The Day of the Lord, says Amos, spells destruction for Israel because she forgot about the snake, about sin!

B The Israelites who lived during the time of Amos pointed with pride to their religious feasts, their assemblies, their burnt offerings, their grain offerings, their songs, the music of their harps.

In simply devastating language Amos tells them what God thinks of their worship. As we ponder what Amos says, we should think of our own festivals, assemblies, Sunday worship services, and celebrations of the Lord's Supper. God says:
(Amos 5:21-23) "I hate, I despise your religious feasts; I cannot stand your assemblies. (22) Even though you bring me burnt offerings and grain offerings, I will not accept them. Though you bring choice fellowship offerings, I will have no regard for them. (23) Away with the noise of your songs! I will not listen to the music of your harps.

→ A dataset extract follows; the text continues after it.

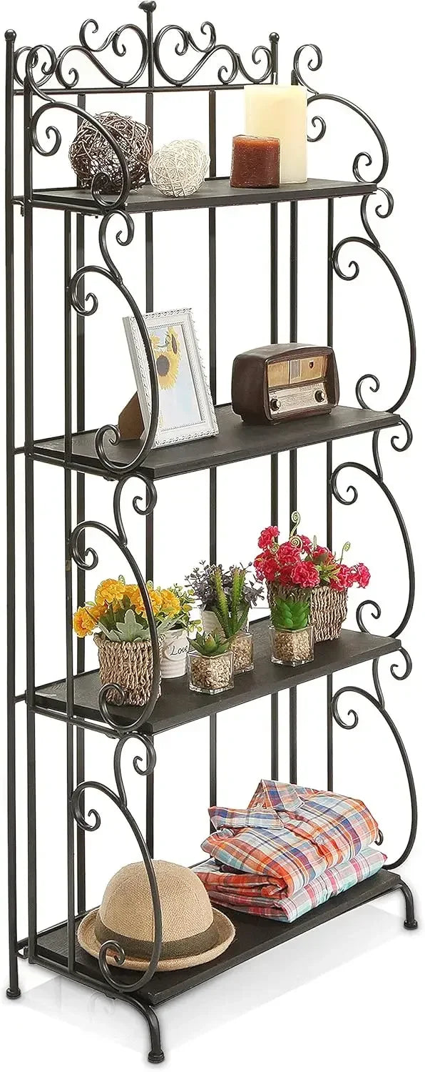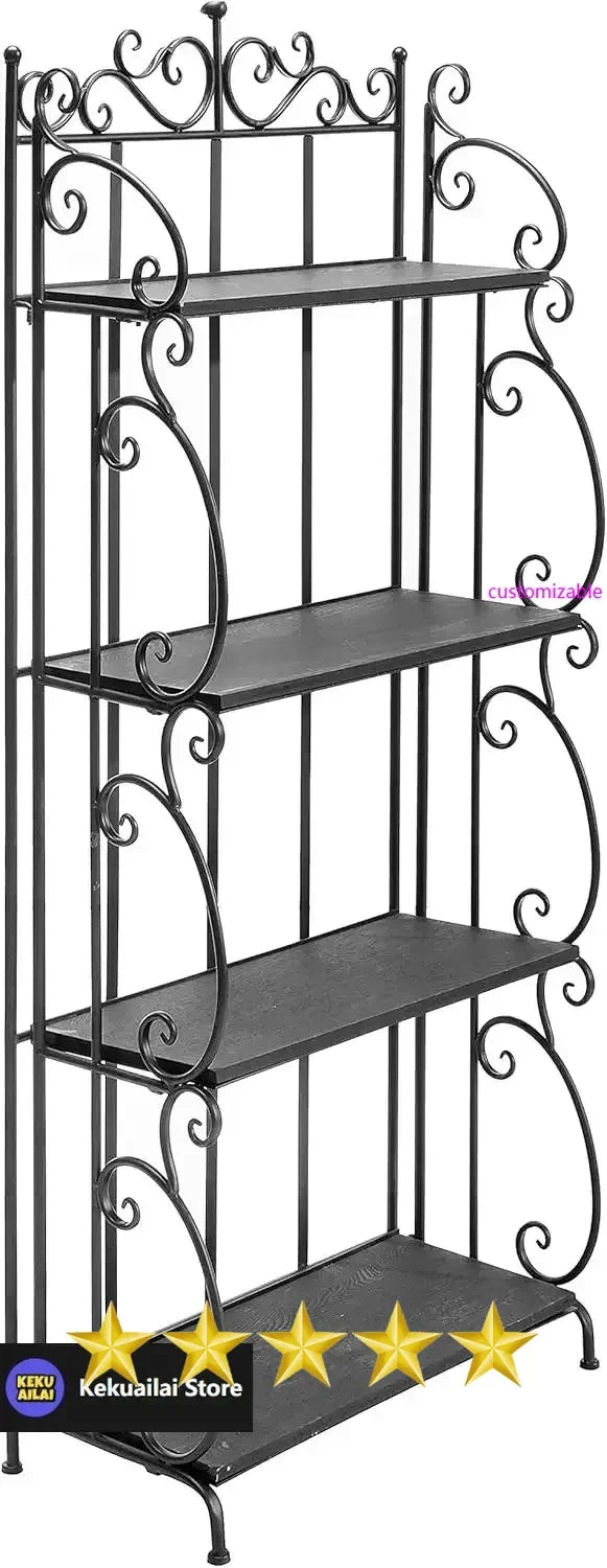 New2025 Black Metal Freestanding Shelf Rack Decorative Bakers Bookshelf

The Northern Kingdom of Israel worshiped at Bethel and Gilgal instead of at the Temple in Jerusalem. In establishing these worship centers, they were very careful to imitate what God had established in Jerusalem: they observed the same festivals; they offered sacrifices at the same times; they kept the same hours of prayer (cf 1 Kings 12:32). They thought such imitation would please the Lord. Apparently it didn't! The Lord reacts with such strong language: "I hate ... I despise ... I will not accept ... I will have no regard ... I will not listen." The Lord couldn't stand what was going on in Bethel and Gilgal. He wanted to see and hear nothing of it. Their hymns and temple music were nothing but racket in His ears. The sacrifices of the fatted beasts disgusted Him. For this reason the Lord earlier said through the prophet: "do not seek Bethel, do not go to Gilgal, do not journey to Beersheba. For Gilgal will go into exile, and Bethel will be reduced to nothing" (Amos 5:5).

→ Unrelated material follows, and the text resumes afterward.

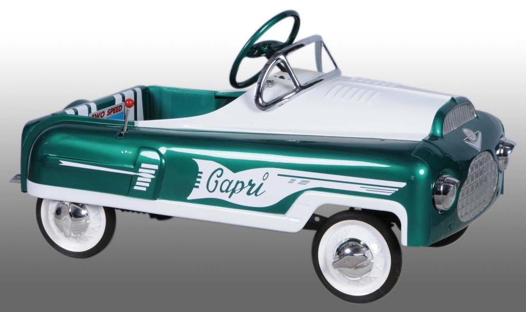 Description 1957. Two speed chain drive with horn and electric headlights. Condition (Restored). Size 37" L.

If that is what the Lord thinks of Israel's worship, we have to ask ourselves what the Lord thinks of ours. What does He think of our offerings, our songs, our prayers, our celebration of the Lord's Supper this morning?

C Why does the Lord react so strongly to Israel's worship? Why? Two reasons. First, because it wasn't true or legitimate worship. We have to go back in Israel's history to the reign of Jeroboam I to see this. It was Jeroboam I who established Bethel as a place of worship to rival the one in Jerusalem. It was he who ordered the imitation of what God had instituted in Jerusalem. But he also made two golden calves. He said to the people, "It is too much for you to go up to Jerusalem. Here are your gods, O Israel, who brought you up out of Egypt." One of the calves he set up in Bethel. And, says Scripture, "this thing became a sin" (1 Kings 12:28-30). Of course it was a sin! Yes, at Bethel and Gilgal Israel went through all the forms of worshiping God; in fact, they were very impressive in their worship. Yet, their worship was a transgression of the first and second commandments (cf Amos 5:26).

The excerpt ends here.